# Planting a 2.5 Gallon Betta Tank?



## Baseballguy5 (Jan 21, 2010)

Hi,

Had the betta tank for a while, Just gravel and fake plants now, really want to step up my game and add live plants and some sand now.

I do 100% water changes every 2 or 3 weeks now, could I just take out the gravel and decorations and add the new sand and plants during my water changes?

Also, what plants would be good for a betta tank?


----------



## Kehy (Apr 19, 2011)

Glad you're thinking about Planting your betta tank, your fish will love you for it. My betta's favorite plant right now is Anubias, which is really easy to grow and find for sale. Java fern would also work, along with some of the many types of mosses, java moss is very common. I would also add some fast growing plants like anacharis and hornwort to act as nutrient sponges and help prevent algae that likes to grow on slow growing plants. The slower growing plants look very nice, but a balance of both is most helpful


----------



## majerah1 (Oct 29, 2010)

Thats a great decision,the betta will be very happy!

As for plants,cryptocorne wendtii stays pretty small for awhile.Its a slow grower and looks very nice.Java fern is also slow to grow,and doesnt need to be planted.Anubias nana is another plant thats not buried and grows will in a low lighted tank,like the others I listed.Java moss is welcome too,and you can tie it onto rock or driftwood or other ornaments.

Adding the sand and plants are very easy,just remove the old and add the new.Rinse the sand well before adding to the tank,and plant before filling all the way.Its easier.Then slowly fill so as to not disturb the plants.I use airline tubing siphoned from a bucket to fill my tanks.If you place the tubing on the side of the tank where the water flows down the wall,you get little to no disturbance.


----------



## FireRed (Jan 21, 2012)

What Kind of tank do you have?!?!?! Also i found this fake silicone looking plant, anybody know anything about this stuff?
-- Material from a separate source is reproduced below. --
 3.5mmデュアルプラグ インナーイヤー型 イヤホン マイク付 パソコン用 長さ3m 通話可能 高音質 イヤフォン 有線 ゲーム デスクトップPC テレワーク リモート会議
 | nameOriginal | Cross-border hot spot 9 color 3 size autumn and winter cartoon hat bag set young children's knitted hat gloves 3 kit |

Not keen on trusting workers of company claims.


----------



## Gizmo-The-Betta-Lady (Dec 3, 2011)

I say anything that is low light would be great! The other members have given you a good start.  Your betta will love you for it!


----------



## hanky (Jan 18, 2012)

majerah1 said:


> Thats a great decision,the betta will be very happy!
> 
> As for plants,cryptocorne wendtii stays pretty small for awhile.Its a slow grower and looks very nice.Java fern is also slow to grow,and doesnt need to be planted.Anubias nana is another plant thats not buried and grows will in a low lighted tank,like the others I listed.Java moss is welcome too,and you can tie it onto rock or driftwood or other ornaments.
> 
> Adding the sand and plants are very easy,just remove the old and add the new.Rinse the sand well before adding to the tank,and plant before filling all the way.Its easier.Then slowly fill so as to not disturb the plants.I use airline tubing siphoned from a bucket to fill my tanks.If you place the tubing on the side of the tank where the water flows down the wall,you get little to no disturbance.
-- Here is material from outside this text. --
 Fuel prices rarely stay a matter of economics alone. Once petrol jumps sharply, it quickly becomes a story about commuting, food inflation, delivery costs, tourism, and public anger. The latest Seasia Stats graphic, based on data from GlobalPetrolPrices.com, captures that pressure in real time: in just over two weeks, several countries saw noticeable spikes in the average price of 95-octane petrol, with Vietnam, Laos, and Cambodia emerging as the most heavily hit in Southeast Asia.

Bev, I know your considered the Betta expert here so I was hoping to get your opinion. I am currently cycling in a 2.5 gal hex that I would like to add a Betta too, I've seen on other sites that you should not use sand because the fish will eat it?I planned on using PFS, I have a few small java ferns just sitting on the bottom, do I need to tie these to something? If I just float some anacharis will he lay on that as a bed? How can I use hornwort in the tank? 
I guess its like anything else you try to research on the net, If you look at enough info it always counterdicts what you've already read.


----------